The L.A. Times reports on a new animation studio plunking down in the city of the Angels:
Japanese artist Takashi Murakami, whose giant Buddha, bug-eyed monsters and magical mushrooms packed in huge crowds last year at the Museum of Contemporary Art, is putting down roots in Los Angeles. A multifaceted artist who embraces painting and sculpture, film and mass-produced goods as part of a single enterprise, he is planning to open an animation studio here next summer ...

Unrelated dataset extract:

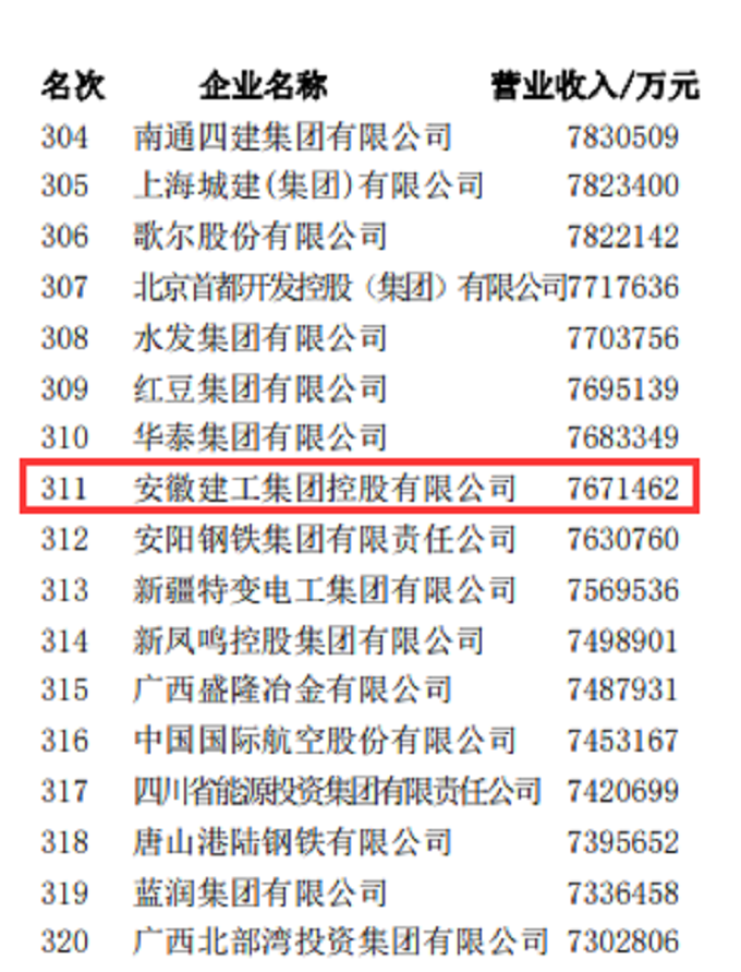2022年9月6日,中國企業(yè)聯(lián)合會、中國企業(yè)家協(xié)會在京舉辦新聞發(fā)布會,發(fā)布了“2022中國企業(yè)500強”榜單。安徽建工集團以767.15億元的營業(yè)收入位列榜單第311位,連續(xù)14年榮登中國企業(yè)500強,較2021年的327位提升16位,保持總體平穩(wěn)、穩(wěn)中有進的發(fā)展態(tài)勢,品牌影響力和價值有效提升。

The company has leased a building on North Highland Avenue, to be adapted to the studio's needs. With 6,220 square feet of space on the first floor and 2,760 square feet on the second level, the facility is expected to accommodate about 30 employees, said Daniel Rappaport of Management 360, Kaikai Kiki's talent management firm in Los Angeles.
The studio's first project will be a feature-length animated film based on "Planting the Seeds," the shorts that premiered at Murakami's mid-career retrospective at MOCA ...
Interesting, is it not, that with all the talk of outsourcing and downsizing (and yes, that stuff does go on), other animation companies relocate here from overseas.
Why? Because we have a talent base that is second to none, and foreign producers want to tap into it. (Nobody is coming here for the low labor costs and rock-bottom costs of living.)
TAG's task, as always, is to get Murakami signed to an agreement, so if you end up working there on Highland in the near future, do take action and let us know. The future you protect will be your own.